The following was observed during the course of cataractogenesis: (1) there was an enhanced formation of AGEs-like fluorophores in intact lens; (2) beta- and gamma-glycated-crystallin levels increased in the rat lens (insoluble fraction) by the end of week eight; and (3) release of these glycated lens proteins into peripheral circulation resulted in the production of autoantibodies to beta- and gamma-glycated-crystallins that could be detected as early as week two, after induction of diabetic status in experimental rats.
本研究采用免疫化学方法,旨在检测大鼠晶状体中的糖化晶状体蛋白(β-和γ-晶状体蛋白)及其在白内障发生过程中血清中循环的特异性自身抗体。

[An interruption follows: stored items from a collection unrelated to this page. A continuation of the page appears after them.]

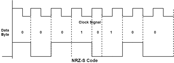 此編碼與非歸零標記非常相似。唯一的變化是訊號僅在空格(即“0”)時發生變化,而在標記(即“1”)時保持恆定。該圖顯示了資料 11001011 的 NRZ-S 碼。
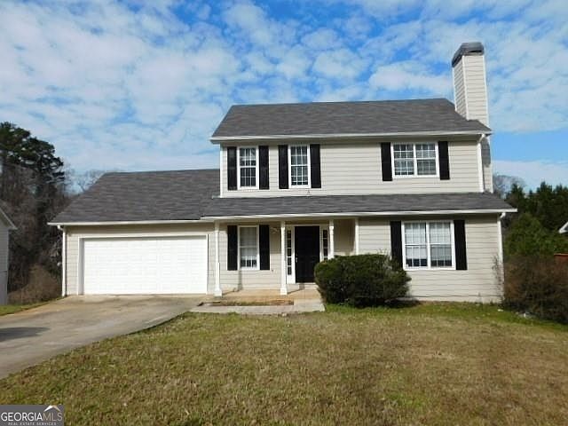Home with covered front porch. Main level has dining and living room combo (living room has fireplace), 1/2 bath, kitchen with white cabinets, pantry, and black appliances (refrigerator, gas stove, dishwasher & range hood), breakfast area with access to the rear deck. Laundry closet with washer/dryer hook-ups. Upper level has two spare bedrooms, full hall bath with tub/shower combination, master bedroom and master bath with soaking tub and separate shower with enclosure. There is an unfinished basement for lots of storage and a 2-car front entry garage. Home has luxury vinyl planking throughout (no carpet). Windows that are 1 year old. Investor owned - being sold 'as-is'.
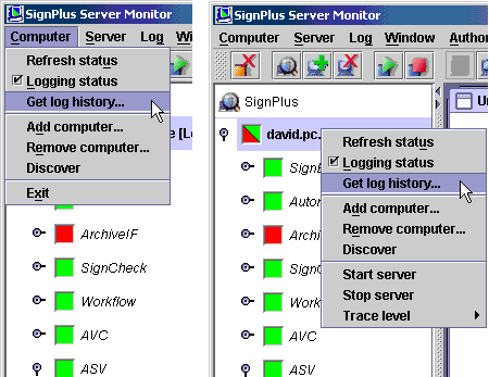 If you’re interested in older information recorded before you turned logging on, you can request this information from the computer by using the Computer > Get log history menu. You can also use the popup menu to do so.
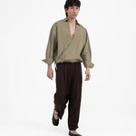 Breaking from tradition, this shirt embraces a kimono-inspired wrap with a modern edge. Made from 100% pure cotton, it sends comfort and softness against the skin, balancing out the crispy structure.
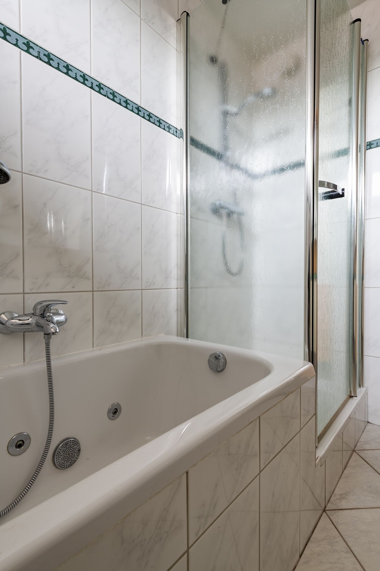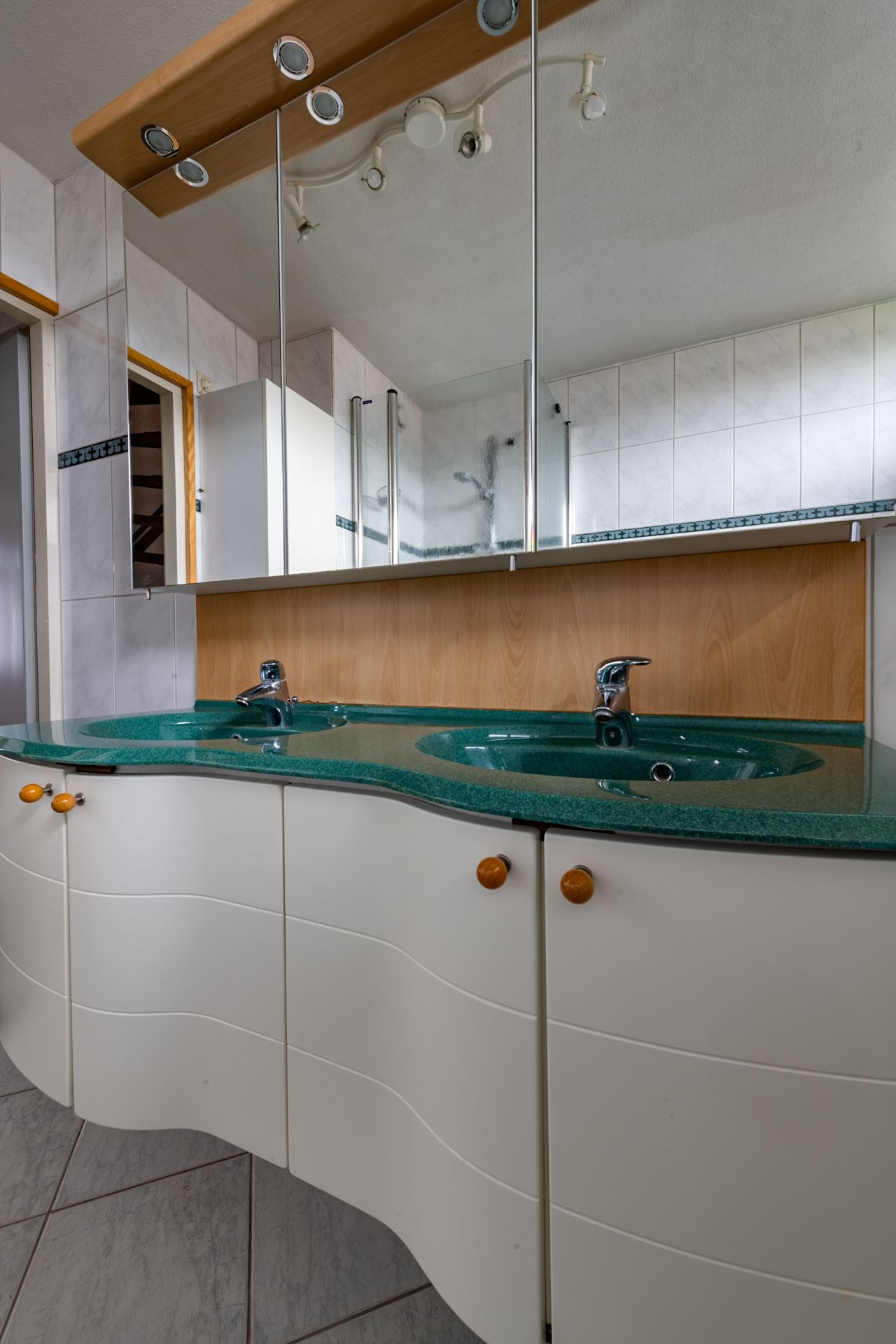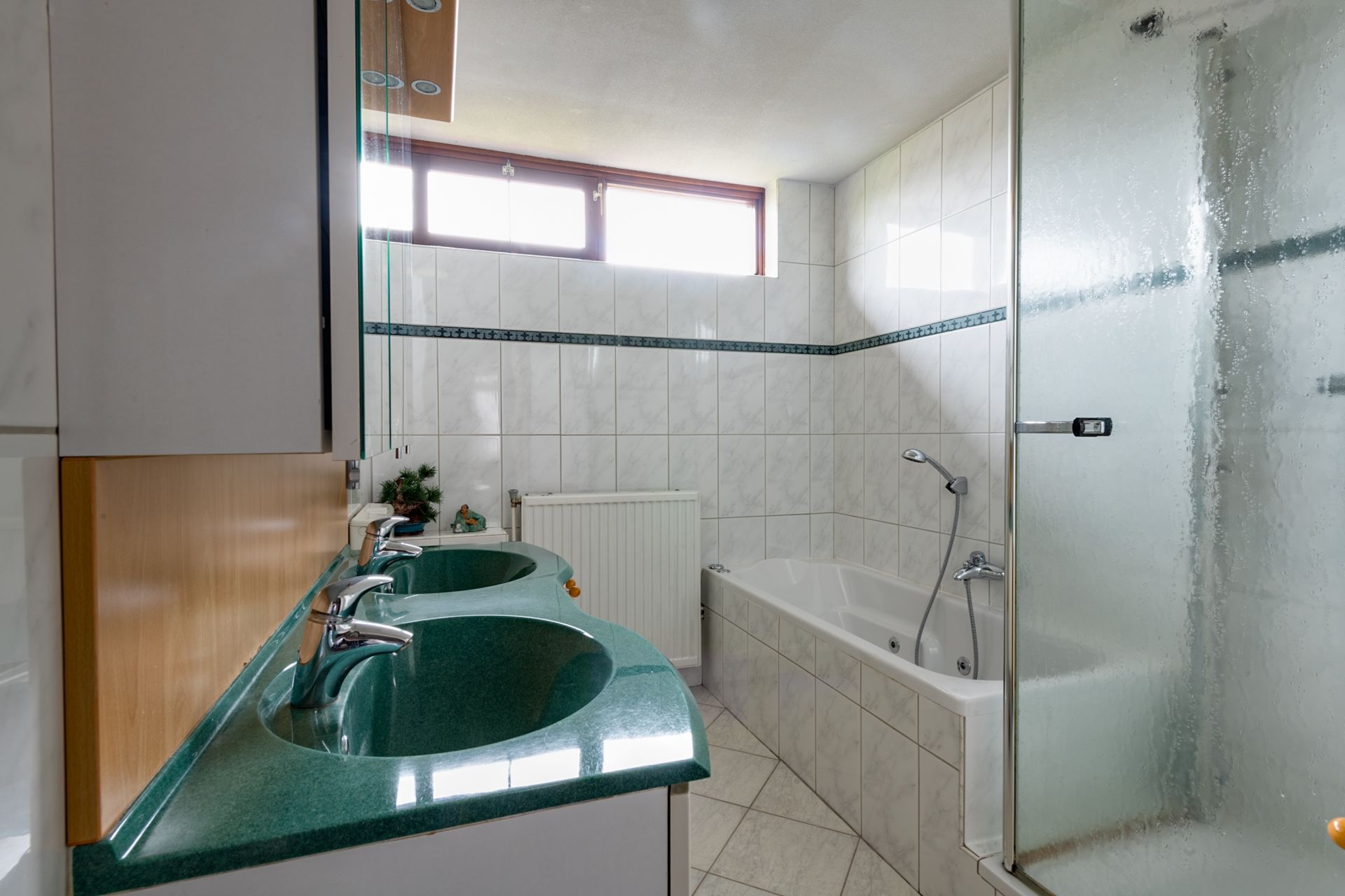 Overloop met toegang naar de 3 slaapkamers en badkamer. De kamers aan de voorzijde van deze woning meten 265 x 220cm en 490 x 374cm. Vanaf hier is ook toegang tot het balkon. Aan de achterzijde bevinden zich de 1 na grootste slaapkamer (404 x 371cm) en de badkamer (296 x 216 cm). De aparte douche met glazen wand en deur en het ligbad met whirlpool zijn daarnaast zeer goed onderhouden. Zowel op de vloer als tegen de wand is getegeld.
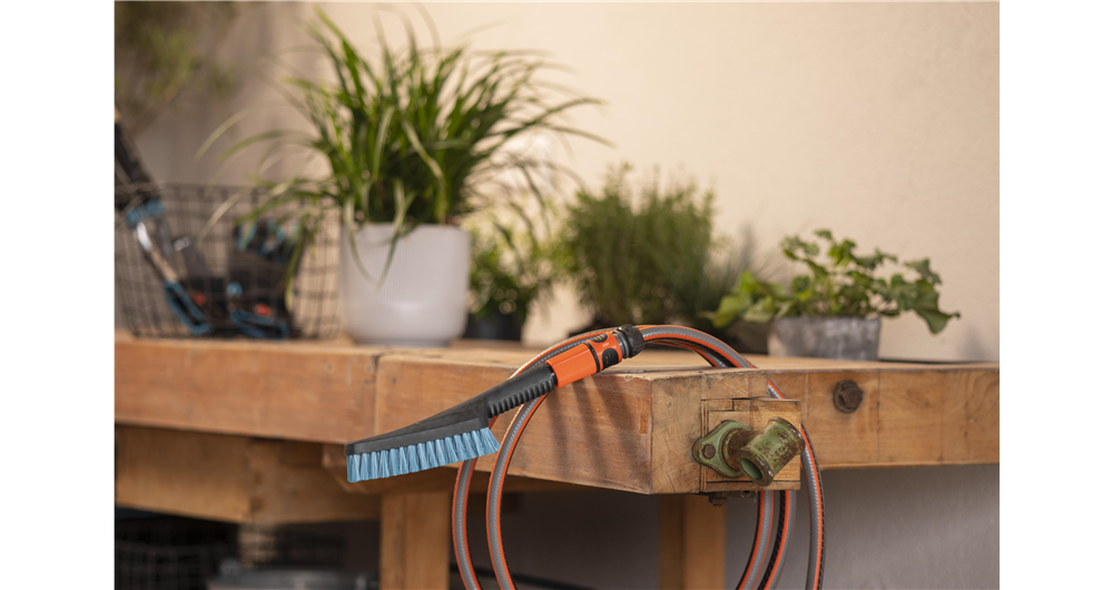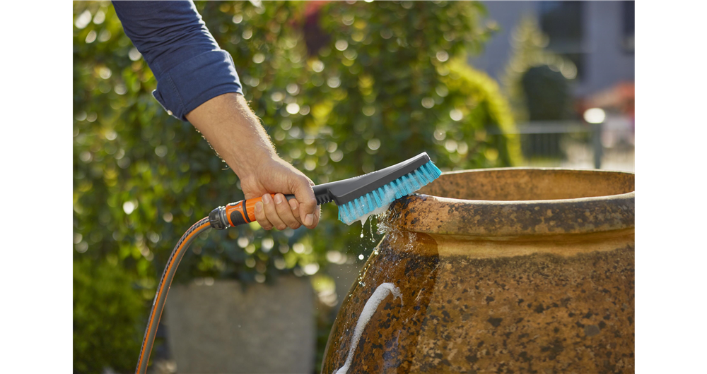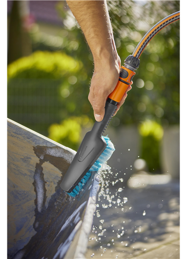Die GARDENA Cleansystem Handbürste S hard für die effektive und gründliche Nassreinigung kleinerer, unempfindlicher Flächen im Außenbereich.Gründliche und effektive Nassreinigung kleinerer robuster AußenflächenEinfach die Waschbürste per „Klick“ an den Wasserschlauch anschließen und schon kann es los gehen. Mit der wasserführenden Handwaschbürste lassen sich problemlos kleinere, unempfindliche Oberflächen, wie Mülleimer nass reinigen, ohne sich dabei ständig nach einem Eimer bücken zu müssen. Der rutschfeste Griff ermöglicht eine sichere und stabile Handhabung - ideal zum Schrubben von hartnäckigem und tiefsitzendem Schmutz.Harte Borsten zur intensiven Reinigung unempfindlicher OberflächenDie harten Borsten der Bürste wurden speziell für alle unempfindlicheren Flächen im Außenbereich entwickelt. Die gründliche Reinigung kleinerer robuster Flächen auf Balkon, Terrasse oder im Garten gelingt damit optimal. Mit der wasserführenden harten Bürste lässt sich grober und hartnäckiger Schmutz im Handumdrehen entfernen. Die kraftvolle Handbürste für flexibles Reinigen mit regulier- und absperrbarem WasserdurchflussMit einer einfachen Drehung am Griff der Bürste kann die Wassermenge nach Bedarf eingestellt oder das Wasser ganz abgestellt werden. Die robuste Handbürste mit stufenloser Durchflussregulierung bietet so die volle Kontrolle über die Wassermenge während der Reinigung und ermöglicht eine gezielte und effiziente Behandlung unempfindlicher Oberflächen. Ein unverzichtbares Werkzeug für alle, die ständige Gänge zum Wasserhahn während der Reinigungsarbeit als störend und zeitaufwendig empfinden.Optimale Schmutzentfernung mit SeifenstäbchenDie GARDENA Seifenstäbchen (Art. 989) sorgen für eine noch gründlichere Reinigung. Einfach den Reinigungsstick in die Bürste stecken, Bürste auf den Schlauch klicken und schon wird das Shampoo optimal dosiert automatisch dem Wasser beigemischt. Das erspart ein umständliches Anmischen von Putzwasser mit speziellen Reinigungsmitteln und das Wasser-/Seifengemisch wird direkt über die Bürste auf die Oberfläche aufgebracht. Die optimale Kombination, um Gartenzäune und ähnliche Flächen strahlend sauber zu halten.

用链脲佐菌素(STZ;55 mg/kg体重)诱导雄性Wistar/NIN糖尿病大鼠(2 - 3月龄),并将对照非糖尿病大鼠用于本研究。在注射后第0天以及直至第8周每隔两周对两组大鼠的血糖、糖化血红蛋白和体重进行评估。还估计了其他生化参数,如晶状体蛋白中非蛋白质巯基(-SH)基团的水平和γ-谷氨酰转肽酶(γ-GT)的活性。通过采用基于数字的图像分析和荧光分光光度法测量完整晶状体以及晶状体匀浆中晚期糖基化终产物(AGE)样荧光团来监测白内障进展。同样,使用针对β-糖化、γ-糖化、β-和γ-晶状体蛋白的多克隆抗体,通过非竞争性ELISA测定晶状体中各自免疫原的浓度,并通过抗体捕获试验测定其各自的循环抗体。通过蛋白质印迹技术评估白内障发生过程中糖化晶状体蛋白(可溶性和不溶性部分)的情况。
STZ诱导的糖尿病大鼠表现出典型的糖尿病症状(高血糖、水和食物摄入量增加但体重未增加)。对总晶状体蛋白的生化分析显示非蛋白质-SH基团水平显著降低(p = <0.001)。与对照组相比,发现糖尿病大鼠晶状体γ-GT的活性未改变。对完整晶状体的数字分析表明,在白内障发生过程中与AGE样荧光团的形成呈正相关(r(2)=0.888)。在糖尿病动物的总晶状体匀浆中,在白内障发生过程中AGE样荧光团水平也观察到类似趋势。通过非竞争性ELISA分析大鼠晶状体(可溶性和不溶性部分)中β-和γ-糖化晶状体蛋白的浓度。与对照组相比,发现到第8周结束时β-和γ-糖化晶状体蛋白的浓度增加。同时,从第2周起在糖尿病大鼠血清中也检测到晶状体蛋白特异性(β-和γ-糖化晶状体蛋白)自身抗体。蛋白质印迹分析表明在不溶性部分中糖化晶状体蛋白(β-和γ-晶状体蛋白)的形成增加。
在白内障发生过程中观察到以下情况:(1)完整晶状体中AGE样荧光团的形成增加;(2)到第8周结束时大鼠晶状体(不溶性部分)中β-和γ-糖化晶状体蛋白水平增加;(3)这些糖化晶状体蛋白释放到外周循环中导致产生针对β-和γ-糖化晶状体蛋白的自身抗体,在实验大鼠诱导糖尿病状态后最早在第2周即可检测到。